Alternatively, the tissue can be manipulated or repositioned using sterile blunt forceps to optimize the imaging conditions for the specific region-of-interest. Apply petroleum jelly to the inner rim of the mammary imaging window, avoiding the underlying tissue. Gently push the window frame downwards with sterile forceps and position the lid into the window frame.
Finally, place the tips of the thin forceps through the holes of the arms of the lid and lighten the lid by twisting it clockwise. Pubertal Rosa26 Cre/ERT2 Rosa26-membrane tomato-membrane GFP mice were injected with a low dose of tamoxifen, leading to Cre-mediated recombination of the Rosa26-membrane tomato-membrane GFP allele. The mice were imaged on days one, three, and five to follow the dynamic changes in the developing mammary gland.
The representative images show the 3D rendering of an elongated and branching mammary duct over multiple days imaged through a mammary imaging window.

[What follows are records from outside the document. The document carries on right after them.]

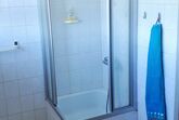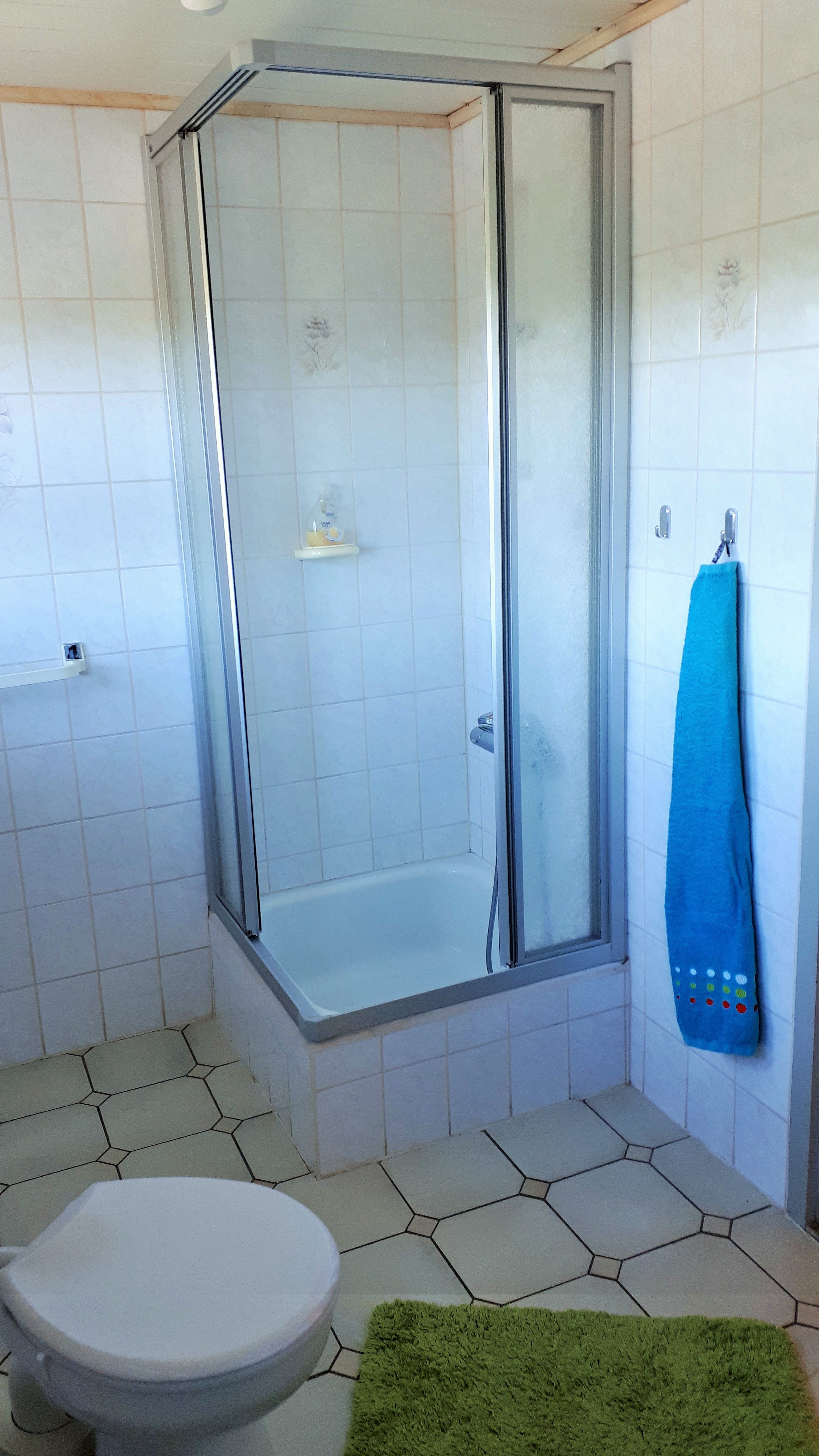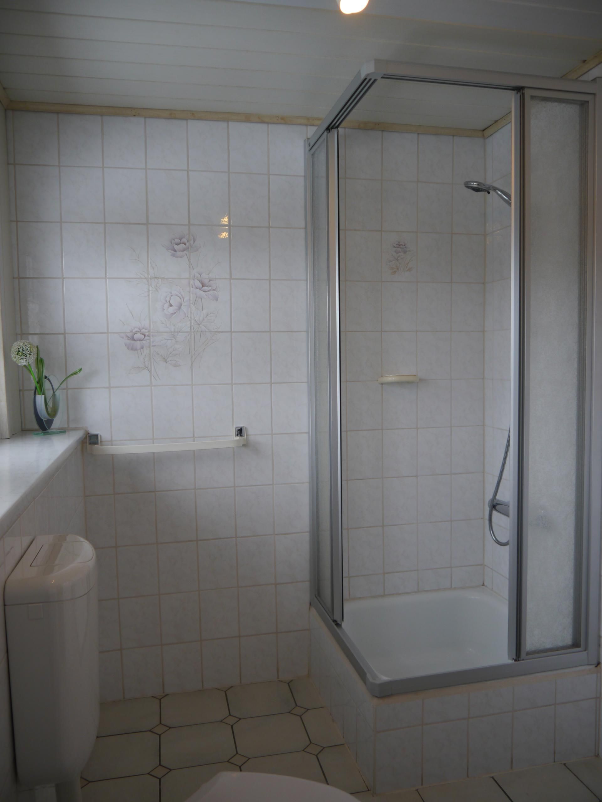 Das moderne Bad verfügt über eine Dusche mit Einstieg, ein Waschbecken mit Spiegelschrank, einen Handtuchhalter und einen Hochschrank mit Toilettenpapier.
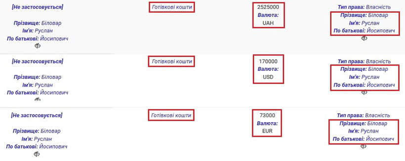 Окрім високих задекларованих доходів прокурора, вражають його заощадження. Руслан Біловар вказав 2,5 млн грн, 170 тис. дол. та 73 тис. євро готівки. Ще 520 тис. грн та 14 тис. дол. готівки задекларувала його дружина.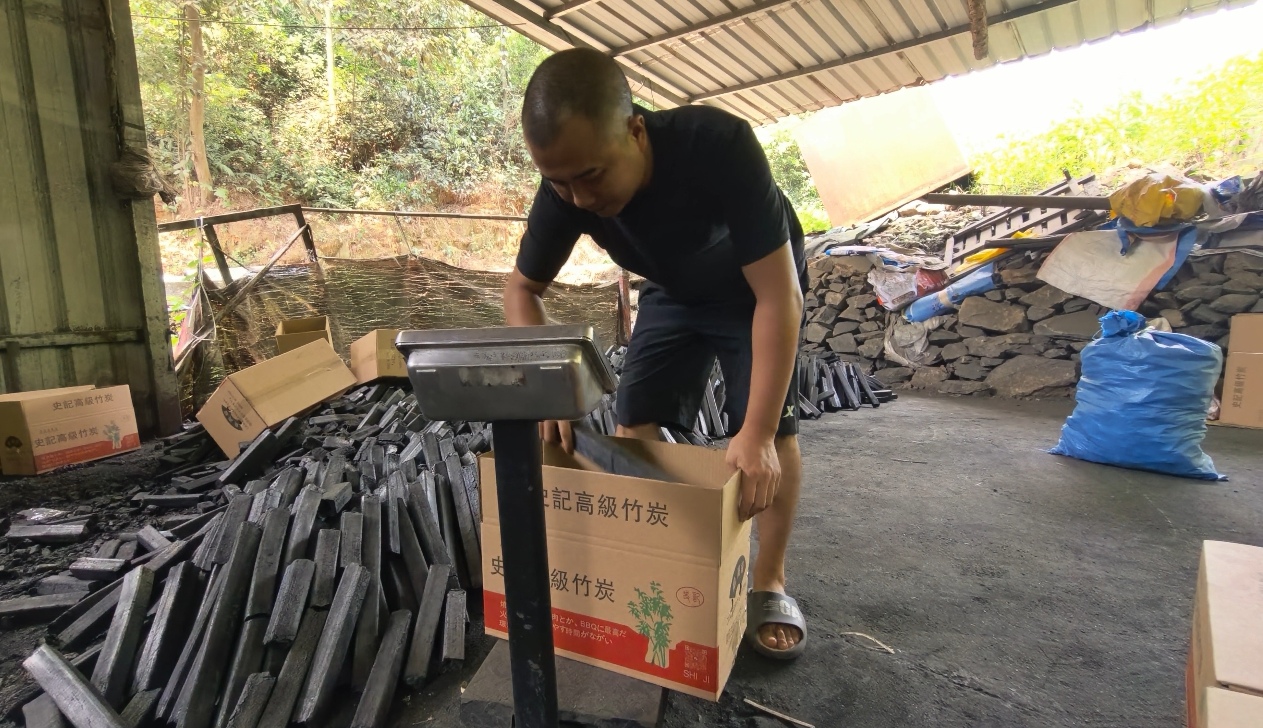 尹鹏飞正在打包环保炭 胡卫红 摄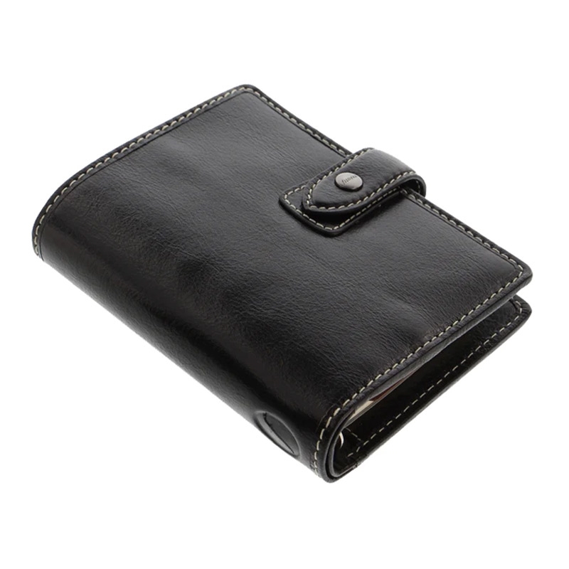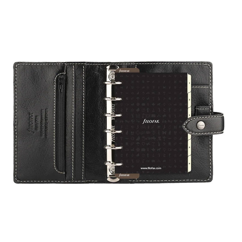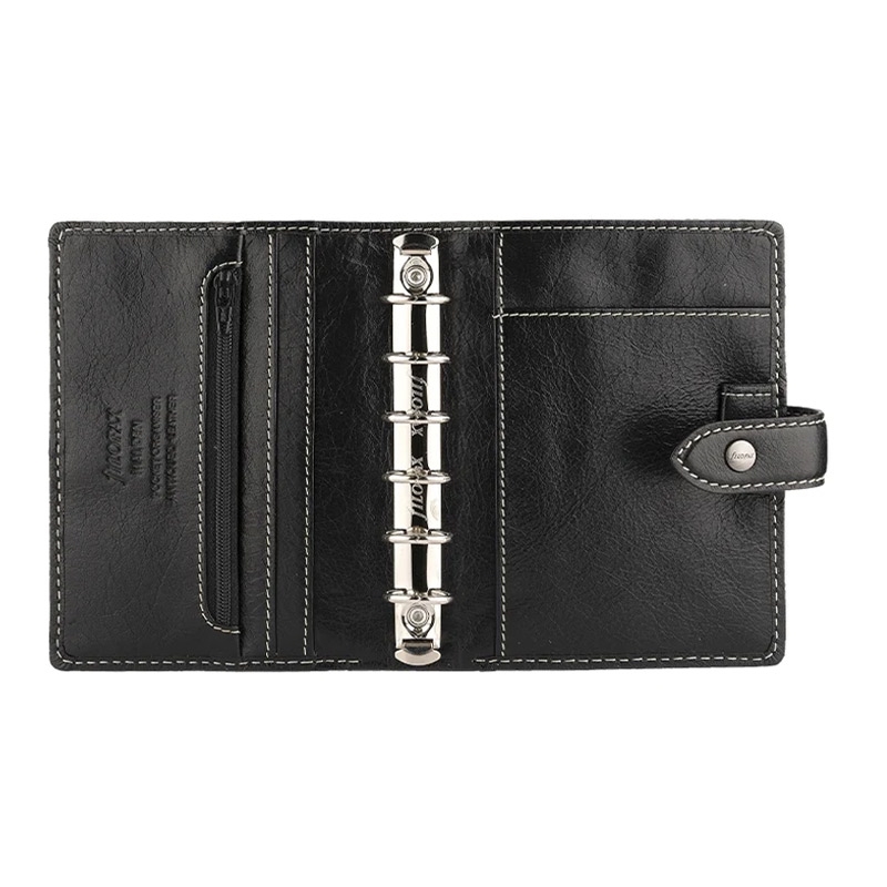 Организирайте ежедневието си с колекцията кожени органайзери Malden на Filofax! Те съчетават традиционния стил на марката със съвременен и функционален дизайн. Органайзерът е изработен от висококачествена кожа в черен цвят. Вътрешната страна на лявата корица разполага с три вертикални джоба, един вертикален джоб с цип. Вътрешната страна на дясната корица разполага с един вертикален джоб, един джоб за бележник и кожен държач за химикалка. Метална шина с шест ринга и повдигащ (отварящ) механизъм, 30 mm в диаметър. Размери: 14.8 х 12.8 х 4 cm. Миксирайте и променяйте съдържанието на всички органайзери Filofax с разнообразието от аксесоари. Подредете ежедневието си изцяло по ваш вкус! Пълнеж на органайзера: Предпазна страница; Преден лист; Рекламна страница; Рекламна страница на Filofax App; Годишен планер без дати; 6 разделителя; 8 листа с точки; 8 нелинирани листа; 8 линирани листа; 8 листа за задачи; 8 листа с контакти; 8 сини линирани листа; 8 зелени линирани листа; 8 розови линирани листа; Кафяв линиран лист / лист с индекс; Джоб с горно отваряне.

Single Z-plane images of the branching tip and the elongating branch are shown here. Single cells in the stroma are highlighted by white asterisks.
The representative images show the inguinal lymph node of the mouse imaged through a mammary imaging window. The second harmonic generation is depicted in green. 3D-rendered images of a mammary ductal structure of an adult female E-cadherin membrane CFP mouse over multiple consecutive days are shown here.
The collagen I pattern was used to retrace the same ROI and the E-cadherin membrane CFP signal was used to mark the ductal cells. Kikume green-red mice were imaged at day zero before and after exposure to violet light. The imaging sessions were repeated on days two, six, and 10 after conversion.
The same area of the mammary gland was imaged through a mammary imaging window for 10 days. Smaller regions were photo-converted on day zero and showed a similar dilution rate of the Kikume red signal over time, indicating an equal turnover rate throughout the epithelium. Zoom images of the indicated regions show proliferative heterogeneity at the cellular level six and 10 days after photo-conversion.
Quantification of the red to green ratio of different cells 10 days after photo-conversion revealed highly variable dilution rates of some cells within the same ductal microenvironment. A crucial step of this procedure is opening the lid in between the imaging sessions. This unique feature of the window improves imaging conditions and allows for longitudinal imaging of the tissue.
The mammary imaging window with a replaceable lid will facilitate novel questions regarding in vivo, fast acting drug testing and screening in the field of tumor initiation and progression in the mouse mammary gland.